Я так хотела спросить его: что я сделала не так? Что мой ребёнок сделал не так?
Но я не могла. Мне пришлось притвориться, что это небеса смилостивились, позволив мне вырвать то лекарство и родить недоношенного Не Цзиня.
Это была незнакомая мне вторая сестра. Я не знал, что она пережила такое во дворце, и когда она говорила об этом, на её безупречном лице играла безукоризненная улыбка:
— Для девушки из Влиятельного Рода попасть во дворец не было моим изначальным желанием. Когда император был добр ко мне, у меня тоже было заблуждение, что он искренне любит и защищает меня. Но хорошо, что я всё поняла: во дворце меня может спасти только такая опора, как Род Гу, и мои собственные усилия.
Мне очень хотелось обнять её, но если бы кто-то увидел, как взрослый младший брат обнимает сестру, ставшую наложницей, это снова вызвало бы ненужные толки.
Мне оставалось лишь улыбнуться ей:
— Всё будет хорошо. Седьмой Князь обещал, что тогда сестра сможет выйти, и Цзинь-эр вернётся к брату.
Вторая сестра тоже улыбнулась мне. Она выглядела такой уставшей, что её усталость пронзала сердце.
В моих воспоминаниях вторая сестра была другой. Мать рано ушла из жизни, и она, словно хозяйка, взяла на себя все большие и малые дела в резиденции Гу.
Когда отец и брат уезжали, она оставалась со мной.

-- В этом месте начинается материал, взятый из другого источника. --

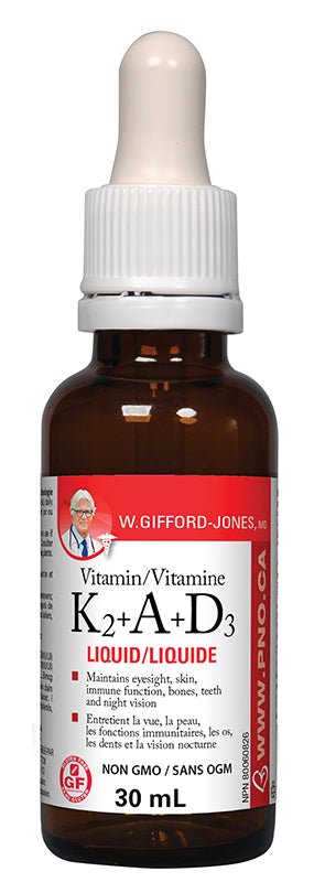 Preferred Nutrition: Vitamin K2+A+D3 Liquid. The combination of vitamins K and D has been shown to significantly increase bone mineral density (BMD) better than either alone. Vitamin D has also been shown to increase bone density and to reduce hip fracture by 43-60%. People with the highest vitamin D levels are 36% less likely to have macular degeneration. Vitamin A deficiency may cause, and supplementation may improve, night blindness. Vitamins D and A are also good for your skin. Vitamin D can help adults with low levels of D and children treat eczema, and high-dose vitamin A has been shown to prevent acne. Vitamin K supports activation of proteins involved in tooth mineralization. People with the highest levels of D have 30% less risk of gingivitis. Vitamin D also helps periodontal disease because men with the highest levels of D have 39% less bone loss and women have 26% less: supplementation with vitamin D reduces bone loss.

Когда я болел, она всю ночь дежурила у моей кровати, а я тянул её за руку и звал мамой.
Я помню те тёплые, мягкие руки, которые крепко держали меня, куда бы мы ни шли.
Она защищала меня, как самка зверя защищает своих детёнышей, а теперь я видел её, глубоко погрязшую в дворцовых интригах, и был бессилен.
Линху Юй говорил, что моё сердце отягощено. У меня не было столько способностей, но было так много того, что я хотел сделать, и тех, кого хотел защитить. Я заставлял себя идти шаг за шагом и в конце концов действительно стал таким человеком. Но это было то, что я хотел — чувство силы.
Я надеялся не всегда прятаться под чужими крыльями, а вырастить собственные могучие крылья, чтобы укрыть под ними всех, кого я ценю, даже если нагрянет буря.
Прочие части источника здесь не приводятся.